Può essere utile per seguire l’evoluzione dei limiti alle emissioni per gli impianti di incenerimento, prendere in considerazione la tabella 1 che mette a raffronto le prescrizioni dei due riferimenti normativi nazionali distanziati temporalmente di 10 anni l’uno dall’altro.
Si può notare come si passi verso valori sempre più restrittivi, anche con variazioni notevoli.
Ovviamente l’evoluzione della normativa italiana sopra riportata ha una sua spiegazione anche in termini di normativa comunitaria di riferimento, come si vede dal confronto fra i limiti imposti dalle due direttive comunitarie del 1989 e del 1994, quest’ultima relativa ai rifiuti pericolosi (tabella 2).
Prescindendo dal confronto con il passato, risulta importante anche proporre un altro raffronto fra le normative vigenti attualmente in Italia e la nuova direttiva comunitaria, citata in precedenza, che costituisce il nuovo Testo Unico sull’incenerimento (tabella 3).
Conclusioni
Il controllo delle emissioni in atmosfera prodotte da un impianto di incenerimento di rifiuti, si basa essenzialmente sia su interventi di tipo preventivo che sull’applicazione di idonee tecnologie di depurazione dei fumi.

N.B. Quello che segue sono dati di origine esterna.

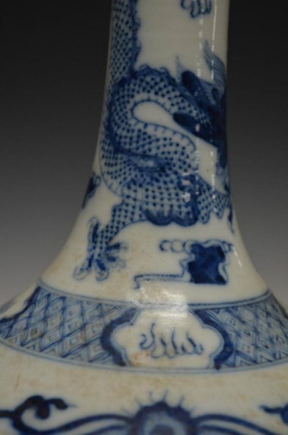 康熙款青花龙纹长颈瓶高:12英寸 拍自Aug 18, 2013.年美国拍卖会
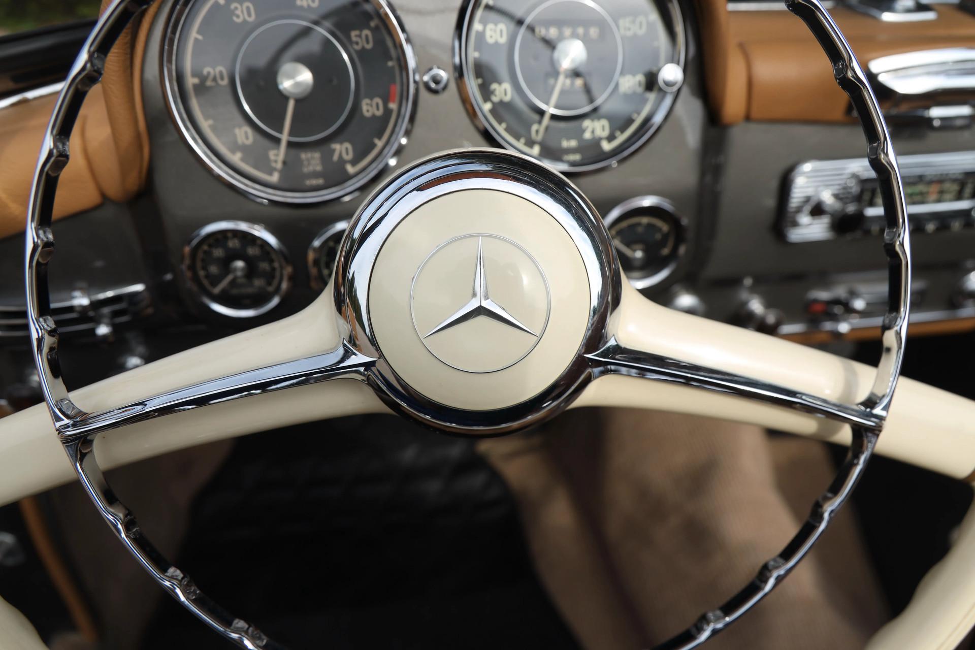 The car was fully restored and rebuilt in Germany, with great attention to detail and preservation of its original specifications. It is a “matching numbers” example, confirmed by the original Lieferschein-Datakart. As an early-series car, this 190 SL is also fitted with the desirable 300 SL seats, further enhancing its exclusivity.
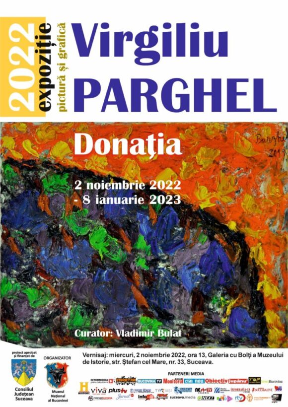 În perioada 2 noiembrie – 8 ianuarie, la Muzeul de Istorie din Suceava va putea fi vizitată gratuit expoziția de pictură și grafică <Donația>, semnată de Virgiliu Parghel. Vernisajul va avea loc miercuri, 2 noiembrie, de la ora 13.00, iar cu această ocazie va fi lansat și catalogul-album al expoziției. Catalogul reproduce fotografic toate cele 97 de lucrări de pictură și grafică pe care Virgiliu Parghel le-a donat sucevenilor, prin tezaurizarea lor în Colecția de Artă a Muzeului Național al Bucovinei. Criticul de artă Vladimir Bulat va susține un discurs despre opera și viața pictorului Virgiliu Parghel. Directorul Muzeului Național al Bucovinei, Emil Ursu, a afirmat: „Expoziția pe care o deschidem la Suceava în 2 noiembrie este una istorică: este o expoziție donație, lucru inedit; ilustrează istoria evoluției unui artist, cu perioadele sale majore de creație, cu zbaterile sale, cu temele sale predilecte – portretul, icoana, peisajul rural (mai rar urban) și natura statică (unde regăsim numeroase elemente etnografice), toate vorbind, după părerea noastră, de încercări de regăsire a artistului prin întoarcerea la valorile lui esențiale – lumile bisericii, a vechiului sat sau propriului Eu, de accedere la Lumină”.
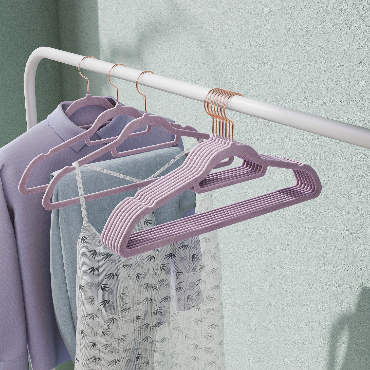 Velvet Hangers, 50-Pack Non-Slip Swivel Hook Clothes Hangers for Coat, Shirt, Dress, Pants - Slim & Space-Saving, Rose Gold Hook, Lavender Purple
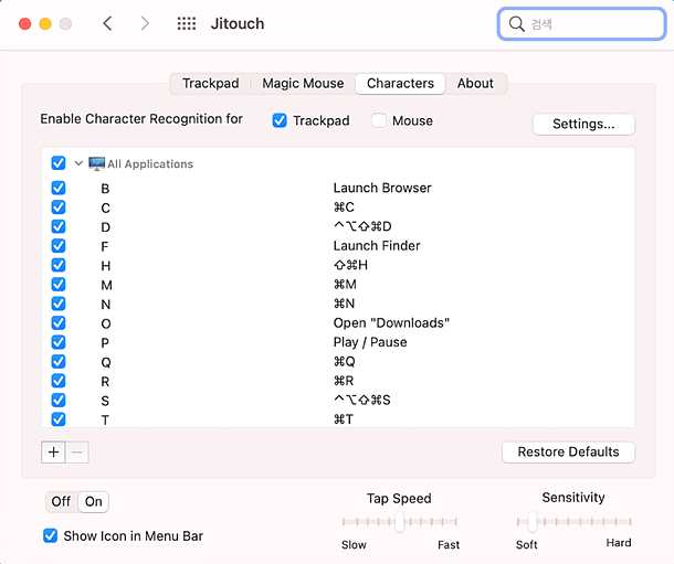 트랙패드 활용성을 한 층 더 높여주는 트랙패드&마우스 제스처 사용자화 앱. 트랙패드&마우스 제스처를 활용해 앱 실행부터 복사, 붙여넣기, 창 닫기, 탭 이동, 창 크기 조절 등을 할 수 있다. 예를 들어 알파벳 제스처로 새로운 탭을 생성하거나, 두 손가락 터치로 탭을 전환해 매우 편리한 웹서핑을 즐길 수 있다. 자신만의 제스처를 잘 만들어두면 작업 효율성에 매우 큰 도움이 된다. 최근 2년 동안 업데이트가 없어 M1 칩 맥북 또는 앞으로 출시될 운영체제에서 지원이 안 될 수 있다. 후속 버전이 꼭 나왔으면 하는 매우 추천하는 앱이다.
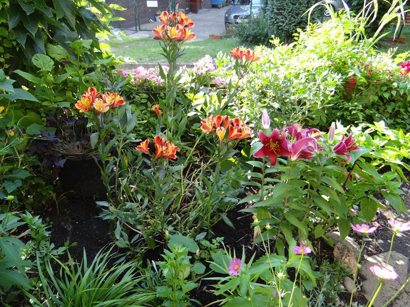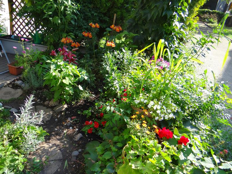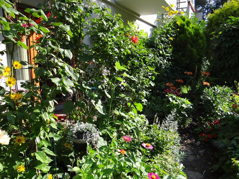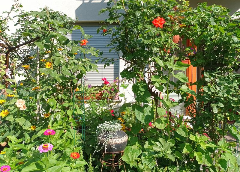 Pośród kwiatów nie brak ziół: szałwii, mięty, rozmarynu, majeranku, tymianku. Jest też skrzynkowa rabatka naciowej pietruszki. Gdzie indziej uśmiecha się okazały ogórek, a nawet truskawka. W donicach pelargonie. W innym z zakątków lilie, kalie i gipsówka, astry, cynie, malwy, ślazy, maciejka, koleusy, dziwaczki, oleander, bieluń, dichondra srebrzysta, przetykane żółcącymi się dzielżanami. A w honorowym miejscu słoneczniczki. Te ostatnie jako wspomnienie z rodzinnego ogrodu z dzieciństwa z Wilna. ©℗

Gli interventi preventivi sono orientati verso la riduzione della possibilità di formazione di alcuni inquinanti.
Questi interventi consistono in una serie di accorgimenti impiantistici e gestionali che favoriscono l’ottimizzazione delle reazioni di combustione e la minimizzazione dell’attività di importanti percorsi di riformazione a valle delle zone di combustione.

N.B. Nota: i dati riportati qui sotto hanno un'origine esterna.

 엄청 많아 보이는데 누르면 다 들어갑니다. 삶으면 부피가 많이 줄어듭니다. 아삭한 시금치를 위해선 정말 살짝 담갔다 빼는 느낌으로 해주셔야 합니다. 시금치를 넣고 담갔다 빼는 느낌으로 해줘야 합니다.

Fra gli interventi preventivi può essere inserita anche la raccolta differenziata e la selezione del rifiuto, al fine di allontanare quelle componenti merceologiche potenzialmente pericolose in termini di costituzione della massa inquinante nei fumi e/o nei residui solidi costituiti da ceneri e scorie.
A loro volta, i trattamenti depurativi devono essere in grado di garantire elevati valori di efficienza di rimozione del particolato, dei metalli ad esso associato, dei gas acidi e di alcuni microinquinanti organici presenti in fase vapore.
In questo contesto, l’evoluzione delle normative è indirizzata verso la definizione di specifiche condizioni realizzative e gestionali degli impianti e verso la imposizione di limiti alle emissioni sempre più restrittivi, in particolare a seguito dell’entrata in vigore dei decreti ministeriali n.503 del 19/11/1997 e n.124 del 25/02/2000.
La conseguenza è naturalmente l’obbligo di orientarsi verso l’adozione delle migliori tecnologie disponibili, con un sistema di controllo costituito da un’adeguata combinazione delle due tipologie di intervento sopra citate, con configurazioni impiantistiche avanzate dei sistemi di depurazione, soprattutto per quanto attiene al contenimento dei microinquinanti difficilmente condensabili (in particolare mercurio e organoclorurati) ed eventualmente anche agli ossidi di azoto.